The dataset allows us to examine if `experience` relates to total playtime. If certain experience levels tend to play more, those groups may contribute more gameplay data. This helps identify the player demographics most likely to provide substantial data for the research team.


## Description: The Players
The dataset used in this analysis is a player demographics and engagement dataset that contains 196 observations (rows) and 9 variables (columns).

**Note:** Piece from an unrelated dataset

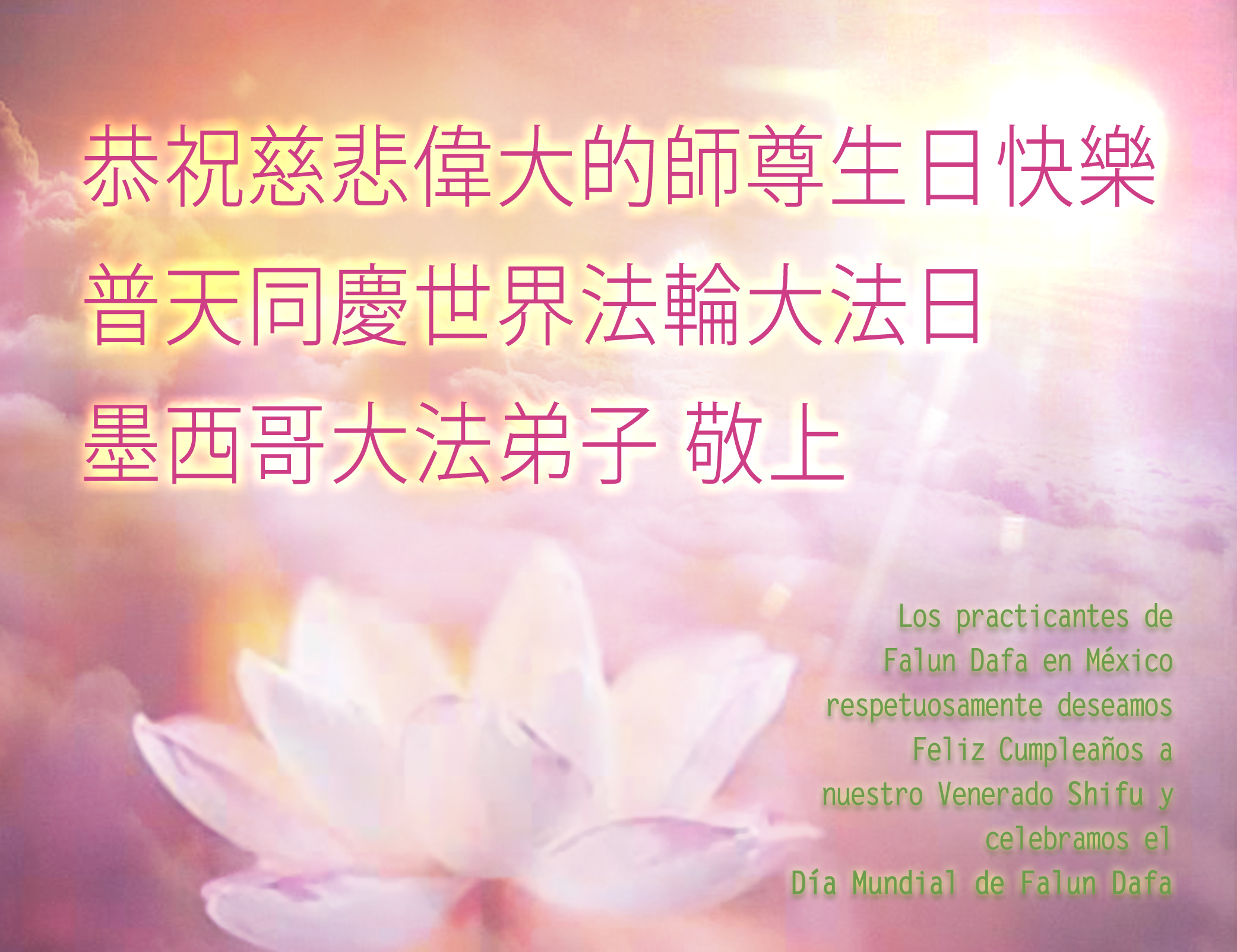 新加坡全体大法弟子恭祝师尊生日快乐! 墨西哥大法弟子恭祝慈悲伟大的师尊生日快乐!普天同庆世界法轮大法日!

The dataset records information about individual players, their gaming experience level, subscription status, demographic details, and the amount of time they have spent playing.

- Number of observations: 196 (each row represents one unique player)
- Number of variables: 9
- Observational unit: Player-level data
- Purpose: Identify which demographic characteristics correspond to higher gameplay time (and therefore more data contributed)
  
**Variables**
- `played_hours` (numeric) - Total hours each player spent on the server
- `experience` (categorical) -  Self-reported experience level in Minecraft
- `gender` (categorical) - Player’s gender
- `subscribe` (Boolean) - Player’s subscription status
- `hashedEmail` (String) - Player’s email address, hashed for privacy protection
- `name` (String) - Player’s name
- `age` (Numeric) - Player’s age
- `individualID` (String) - Unique player identifier
- `organizationName` (String) - Name of the organization associated with the player

**Issues to consider**
- Missing identifiers (`individualId`, `organizationName`).
- `hashedEmail` is anonymous for privacy.
- `played_hours` may include idle time, which could overestimate actual engagement.
- `experience` is self reported which could lead to inconsistent standards. 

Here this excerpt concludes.